*** Opening of Material to process ***

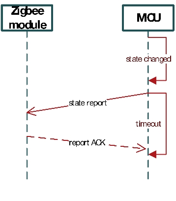II. Proactive reporting: MCU status changes (physical operation or restart after power cut, etc.), reporting the current status to the module actively; MCU actively reporting as asynchronous operation, there is no status report response frame received within the timeout period, or the status of the response frame is unsuccessful, MCU must retransmit.
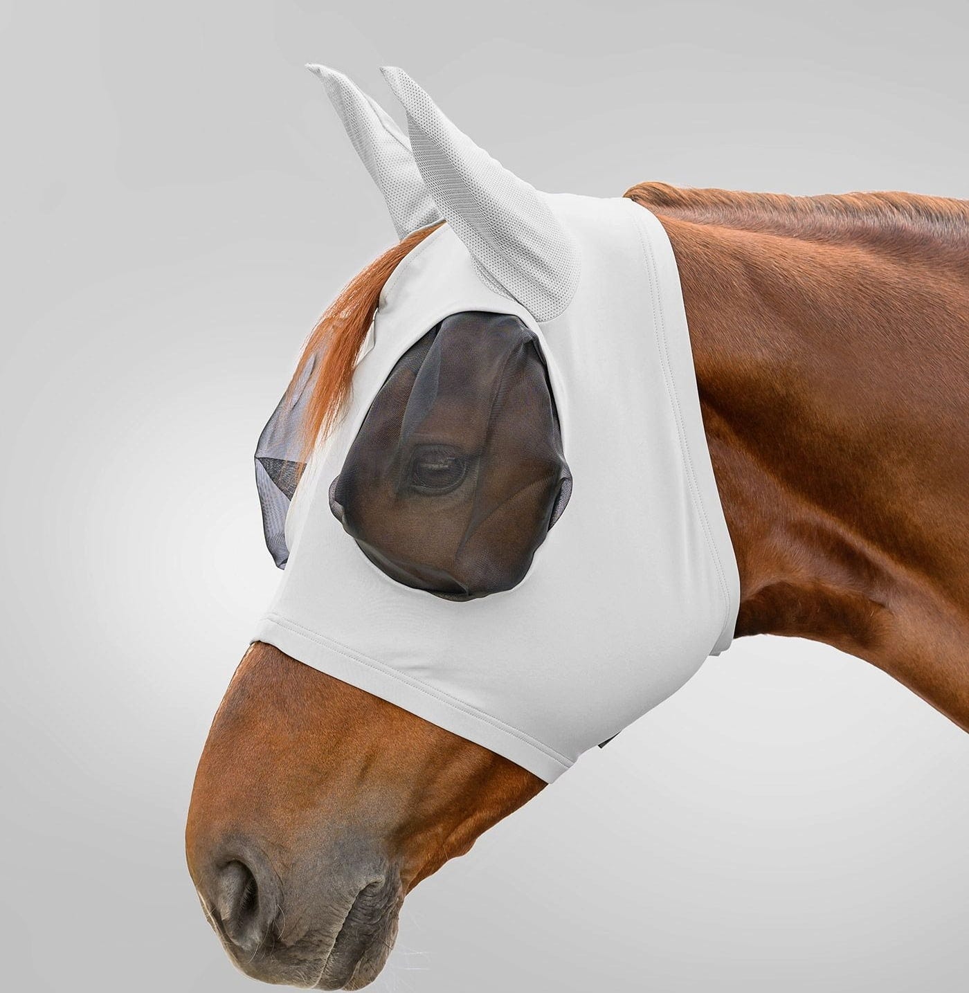 La maschera è rifinita con bordi morbidi per prevenire sfregamenti nelle zone sensibili. Grazie alle protezioni per le orecchie integrate in mesh traspirante, la ventilazione rimane ottimale anche nelle giornate più calde, impedendo l'ingresso dei simulidi. L'ampia chiusura a strappo elastica permette di applicare la maschera rapidamente e assicura che rimanga salda e confortevole sulla testa del cavallo anche durante il gioco. Un accessorio ideale per chiunque dia importanza alla flessibilità e al massimo comfort.
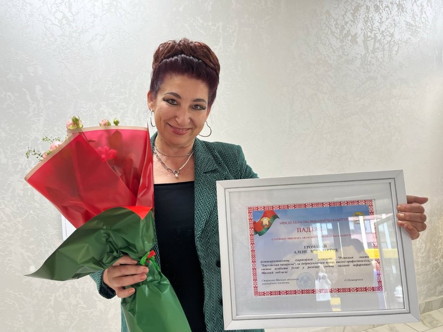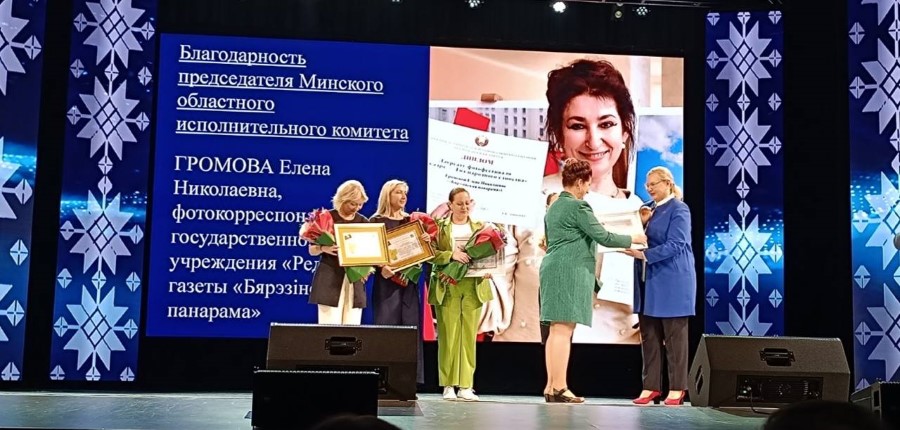 За добросовестный труд, высокий профессионализм, значительны личный вклад в развитие средств массовой информации Минской области Благодарность председателя Минского областного исполнительного комитета объявлена фотокорреспонденту районной газеты «Бярэзінская пагарама” Громовой Елене Николаевне.
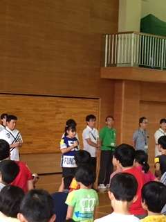 移動教室に参加する15校が一堂に会して開園式を行いました。その中で、みくさんが児童代表の言葉を述べました。15校の児童の前で立派に務めることができました。
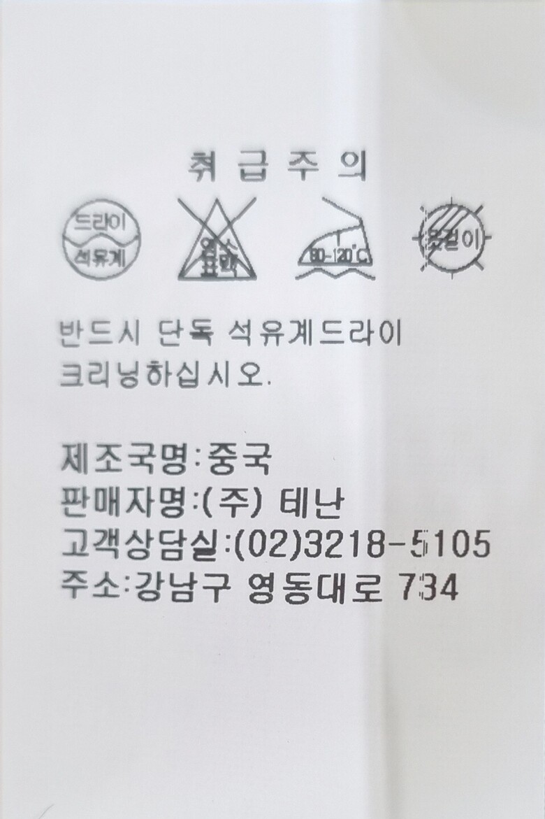 | 6. 세탁방법 및 취급시 주의사항 | 반드시 단독 석유계드라이 크리닝하십시오. |
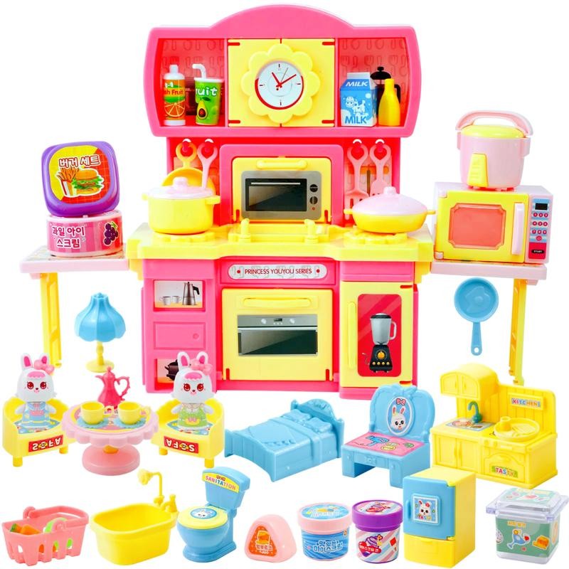 Mini Kitchen Playset Toy for Kids Girls Play Kitchen Set Toddler Pretend Kitchen with Cooking Stove, Play Sink, Play Food
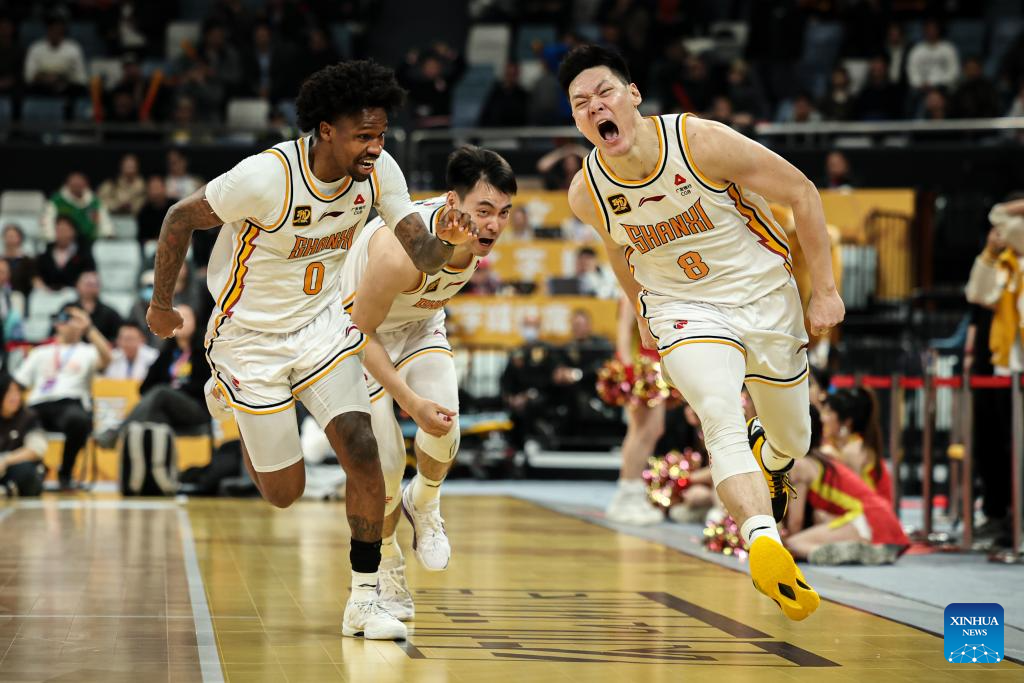 Zhang Ning (R) of Shanxi Loongs celebrates after scoring the match point during the match between Zhejiang Lions and Shanxi Loongs at the 2024-2025 season of the Chinese Basketball Association (CBA) league in Hangzhou, east China's Zhejiang Province, March 5, 2025. (Xinhua/Jiang Han)
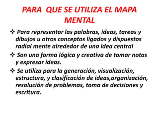 Un mapa mental es un método efectivo para extraer y memorizar información mediante la representación radial de palabras, ideas, tareas y otros conceptos relacionados con una idea central. Los mapas mentales son una forma lógica y creativa de tomar notas y expresar ideas, y se utilizan para generar, visualizar, estructurar y clasificar información, organizar tareas, resolver problemas y tomar decisiones.
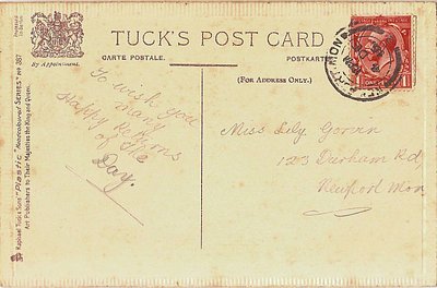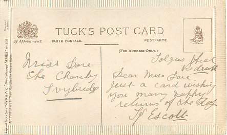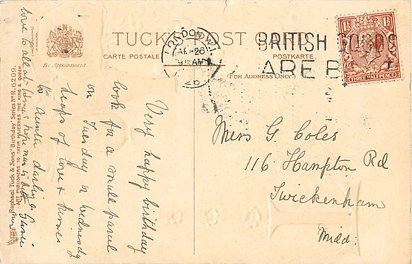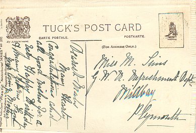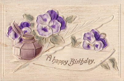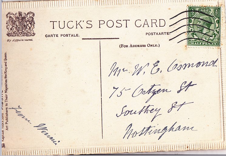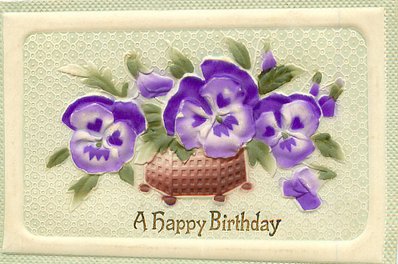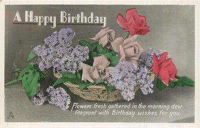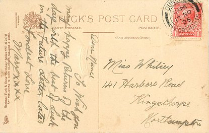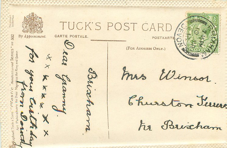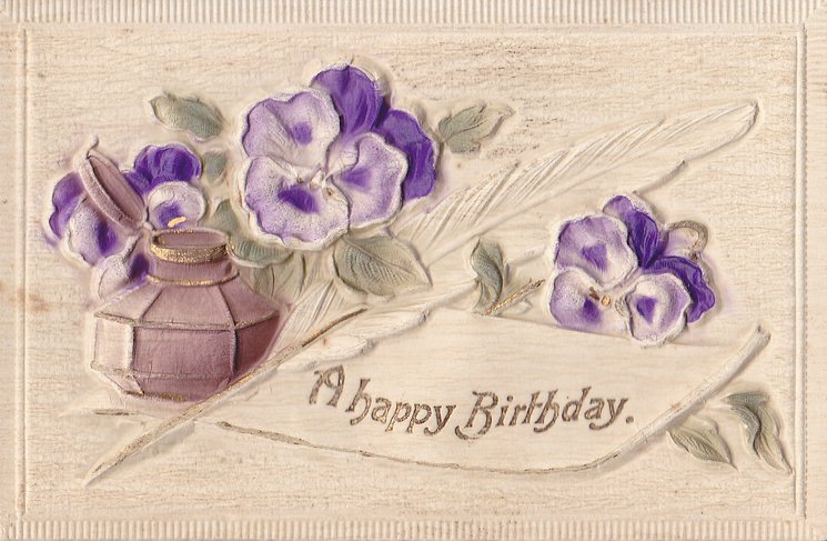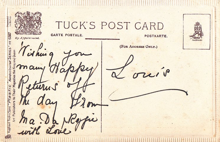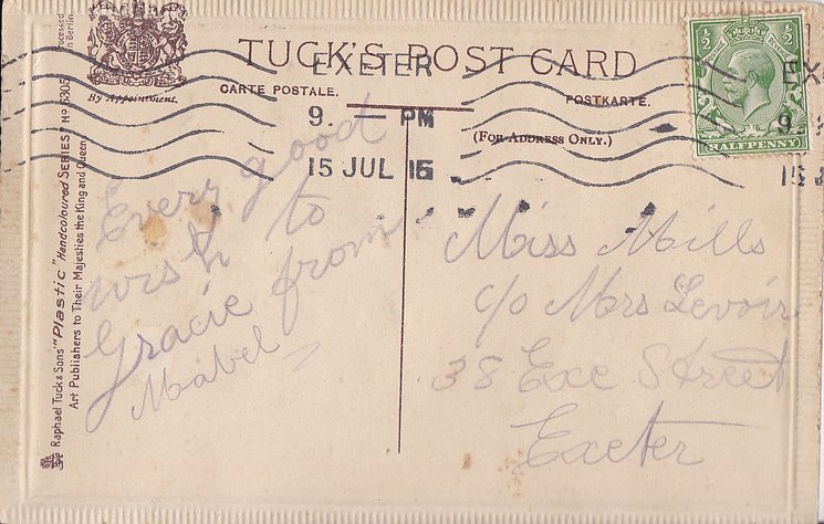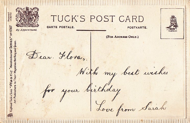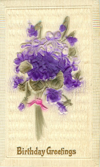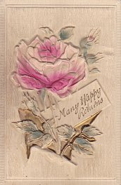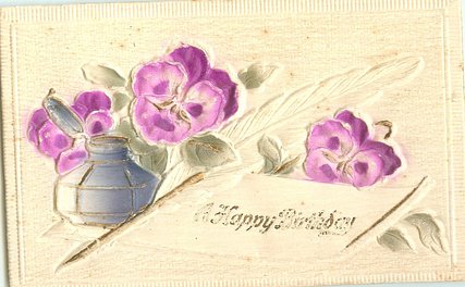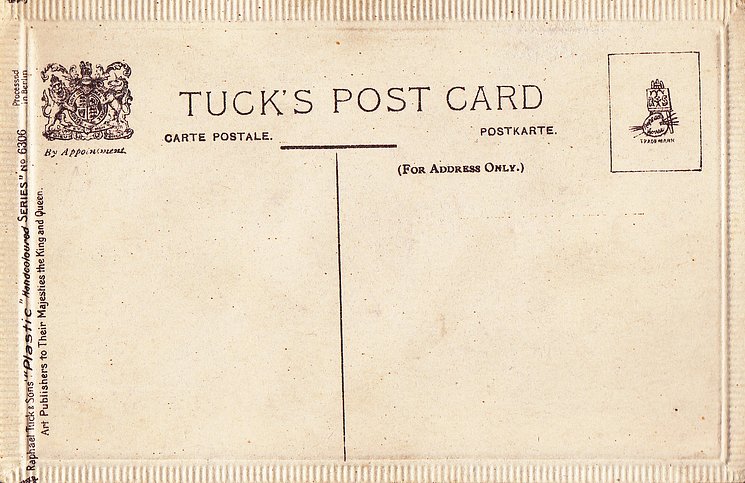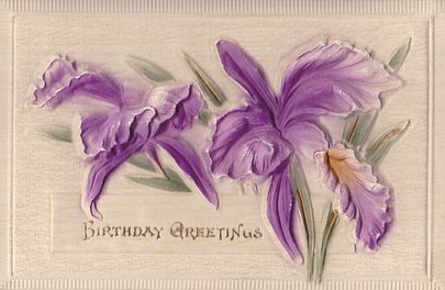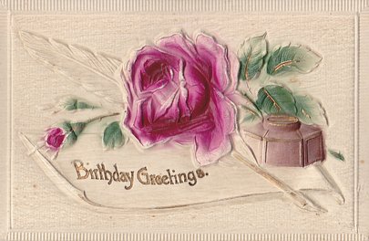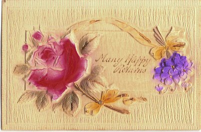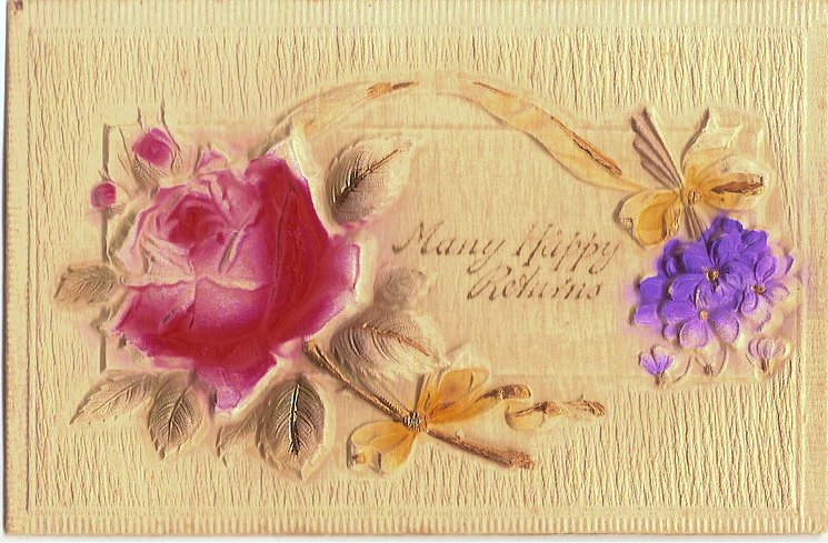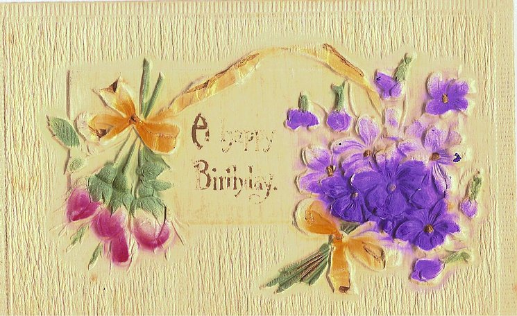 PLASTIC HANDCOLOURED, PROCESSED IN BERLIN, very heavy embossing on front, gilt greeting
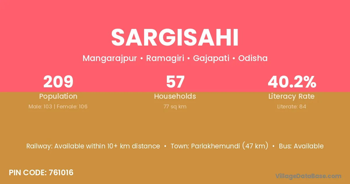 Parlakhemundi (55 km) is the nearest town to Sargisahi village for major economic activities and is located approximately 55 km away.
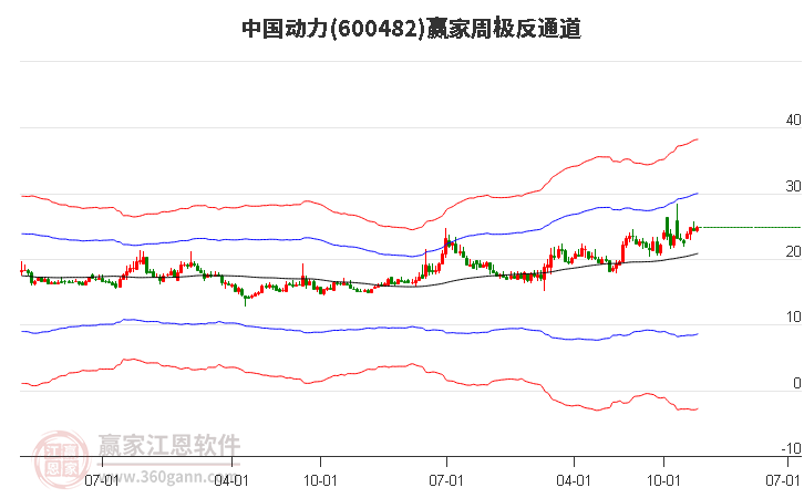 600482中國動力處于贏家江恩多頭次主線形態(tài),12月19日發(fā)出江恩筑底信號后,經(jīng)過49日,今日形成短期筑頂信號,短期多頭趨勢已被破壞,中長期多頭趨勢依舊保持。600482中國動力根據(jù)贏家江恩極反通道

*** Close of Material to process ***

• To do: Reproduce the data above line for line, excluding every picture.

• Your response:
II. Proactive reporting: MCU status changes (physical operation or restart after power cut, etc.), reporting the current status to the module actively; MCU actively reporting as asynchronous operation, there is no status report response frame received within the timeout period, or the status of the response frame is unsuccessful, MCU must retransmit.
 La maschera è rifinita con bordi morbidi per prevenire sfregamenti nelle zone sensibili. Grazie alle protezioni per le orecchie integrate in mesh traspirante, la ventilazione rimane ottimale anche nelle giornate più calde, impedendo l'ingresso dei simulidi. L'ampia chiusura a strappo elastica permette di applicare la maschera rapidamente e assicura che rimanga salda e confortevole sulla testa del cavallo anche durante il gioco. Un accessorio ideale per chiunque dia importanza alla flessibilità e al massimo comfort.
 За добросовестный труд, высокий профессионализм, значительны личный вклад в развитие средств массовой информации Минской области Благодарность председателя Минского областного исполнительного комитета объявлена фотокорреспонденту районной газеты «Бярэзінская пагарама” Громовой Елене Николаевне.
 移動教室に参加する15校が一堂に会して開園式を行いました。その中で、みくさんが児童代表の言葉を述べました。15校の児童の前で立派に務めることができました。
 | 6. 세탁방법 및 취급시 주의사항 | 반드시 단독 석유계드라이 크리닝하십시오. |
 Mini Kitchen Playset Toy for Kids Girls Play Kitchen Set Toddler Pretend Kitchen with Cooking Stove, Play Sink, Play Food
 Zhang Ning (R) of Shanxi Loongs celebrates after scoring the match point during the match between Zhejiang Lions and Shanxi Loongs at the 2024-2025 season of the Chinese Basketball Association (CBA) league in Hangzhou, east China's Zhejiang Province, March 5, 2025. (Xinhua/Jiang Han)
 Un mapa mental es un método efectivo para extraer y memorizar información mediante la representación radial de palabras, ideas, tareas y otros conceptos relacionados con una idea central. Los mapas mentales son una forma lógica y creativa de tomar notas y expresar ideas, y se utilizan para generar, visualizar, estructurar y clasificar información, organizar tareas, resolver problemas y tomar decisiones.
 PLASTIC HANDCOLOURED, PROCESSED IN BERLIN, very heavy embossing on front, gilt greeting
 Parlakhemundi (55 km) is the nearest town to Sargisahi village for major economic activities and is located approximately 55 km away.
 600482中國動力處于贏家江恩多頭次主線形態(tài),12月19日發(fā)出江恩筑底信號后,經(jīng)過49日,今日形成短期筑頂信號,短期多頭趨勢已被破壞,中長期多頭趨勢依舊保持。600482中國動力根據(jù)贏家江恩極反通道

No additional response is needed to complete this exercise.